Observation: This is different from the usual statistics test: the usual test is whether the two distributions are different; we are testing for a specific type of difference, opposition. So there are in fact three states of the world: same, opposite, and different but not opposite; we want to compare the likelihood of the first two. If same is much more likely than opposite, then we conclude 'same.' If opposite is much more likely than same, we conclude 'opposite.' If same and opposite have similar likelihoods (for some notion of 'similar' we'd have to investigate), then we conclude 'different but not opposite.'

Our data is four numbers: number of critics $N_C = 10$, number of positive reviews by critics $k_C = 1$, number of audience members $N_A = 40$, number of positive reviews by audience members $k_A = 30$.

But what about the $\theta_0$ and $\theta_1$?

This is where the lofty field of mathematics gives way to the down and dirty world of estimation. We estimate $\theta$ by maximum likelihood, and the maximum likelihood estimator for the probability of a positive outcome of a binary random variable (called a Bernoulli variable) is the sample mean.

Yep, all those words to say "use the share of 1s as the $\theta$."

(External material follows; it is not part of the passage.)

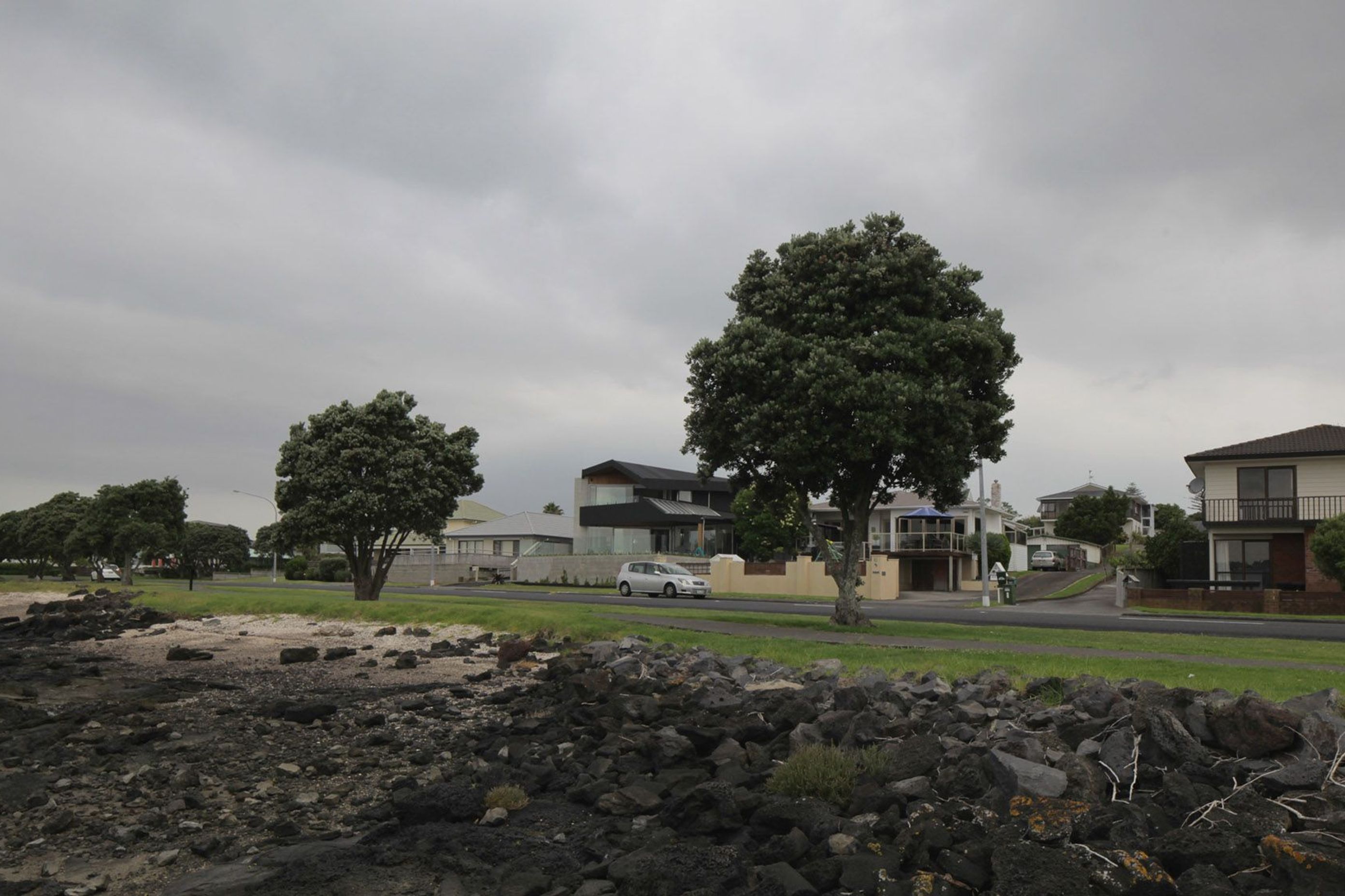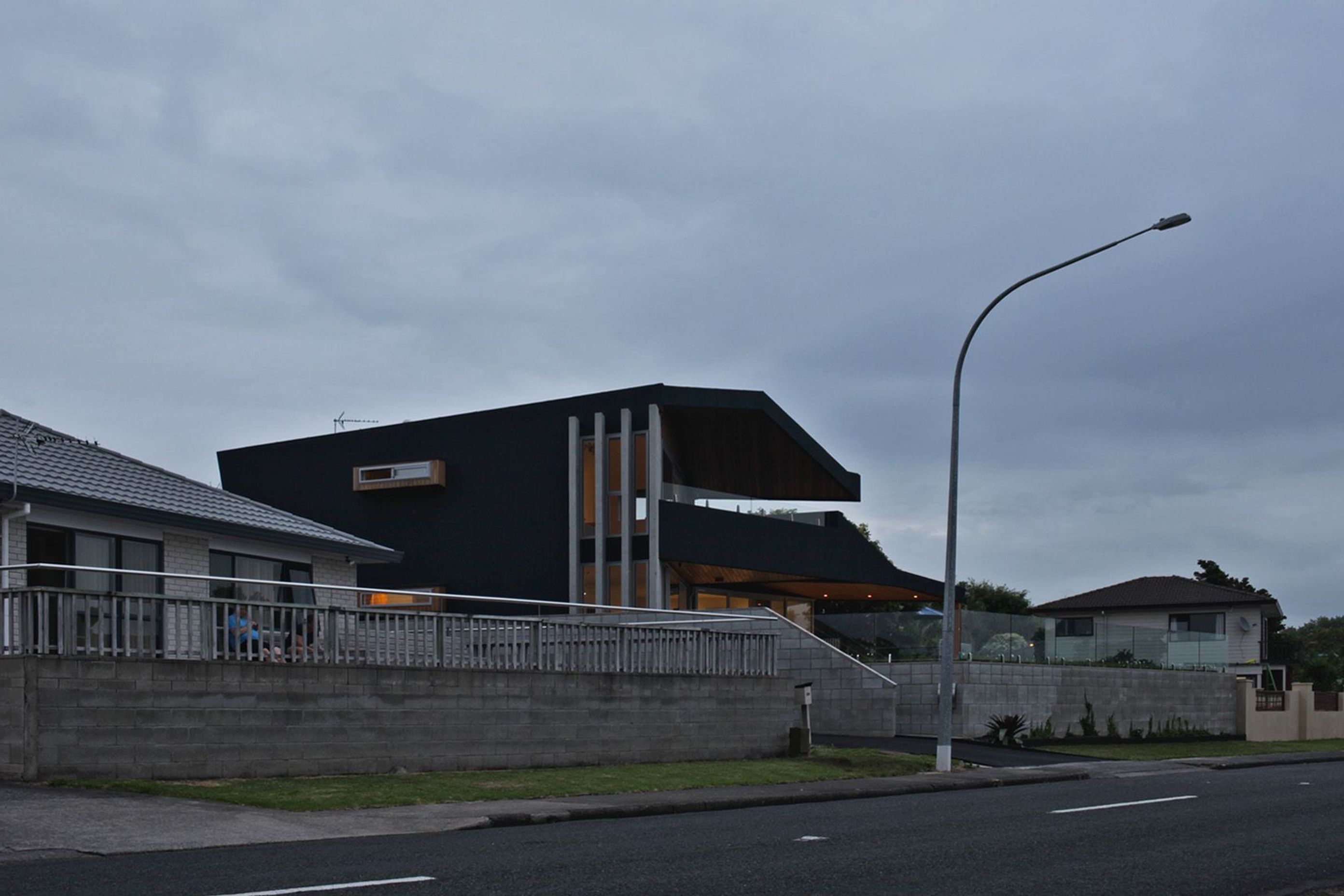 ArchiPro Project Summary - A striking residence at the edge of Manukau Harbour, featuring dramatic forms and courtyards that respond to the unique tidal landscape near Mangere Bridge.

Not so fast. True, for $H_0$, we use the share of ones

$\theta_0 = (k_C + k_A)/(N_C + N_A) = 31/50 = 0.62$;

but for $H_1$, we need to address the audience's $1-\theta_1$ by reverse coding the zeros and ones, in other words,

$\theta_1 = (k_C + (N_A - k_A))/(N_C + N_A) = 11/50 = 0.22$.

Yes, those two fractions are "estimation." Maximum likelihood estimation, at that.

Now that we are done with the dirty statistics, we come back to the shiny world of math, by using our estimates to solve the math problem. That requires a small bit of combinatorics and probability theory, all in a single sentence:

If each individual data point is an independent and identically distributed Bernoulli variable, the sum of these data points follows the binomial distribution.

Therefore the desired probabilities, which are joint probabilities of two binomial distributions, one for the critics, one for the audience, are

$\Pr(\mathrm{Data}| H_0) = c(N_C,k_C) (\theta_0)^{k_C} (1- \theta_0)^{N_C- k_C} \times c(N_A,k_A) (\theta_0)^{k_A} (1- \theta_0)^{N_A- k_A}$

and

$\Pr(\mathrm{Data}| H_1) = c(N_C,k_C) (\theta_1)^{k_C} (1- \theta_1)^{N_C- k_C} \times c(N_A,k_A) (1 -\theta_1)^{k_A} (\theta_1)^{N_A- k_A}$.

Replacing the symbols with the estimates and the data we get

$\Pr(\mathrm{Data}| H_0) = 3.222\times 10^{-5}$;
$\Pr(\mathrm{Data}| H_1) = 3.066\times 10^{-2}$.

We can now compute the likelihood ratio,

$LR = \frac{\Pr(\mathrm{Data}| H_1)}{\Pr(\mathrm{Data}| H_0)} = 915$,

and translate that into words to make the statement

It's 915 times more likely that critics are using criteria opposite to those of the audience than the same criteria.

Isn't that a lot more satisfying than saying they "appear to be at loggerheads"?

Tuesday, August 30, 2016

Some thoughts on quant interviews

Being a curmudgeonly quant, I started reacting to people who "love" science and math with simple Post-It questions like this:

(This is not a gotcha question, all you need is to apply Pythagorean theorem twice. I even picked numbers that work out well. Yes, $9 \sqrt{2}$ is a number that works out well.)

Which reminds me of quant interviews and their shortcomings.

I already wrote about what I think is the most important problem in quantitative thinking for the general public, in Innumeracy, Acalculia, or Numerophobia, which was inspired by this Sprezzaturian's post (Sprezzaturian was writing about quant interviews).

In search of quants

That was for the general public. This post is specifically about interviewing to determine quality of quantitative thinking. Which is more than just mathematical and statistical knowledge.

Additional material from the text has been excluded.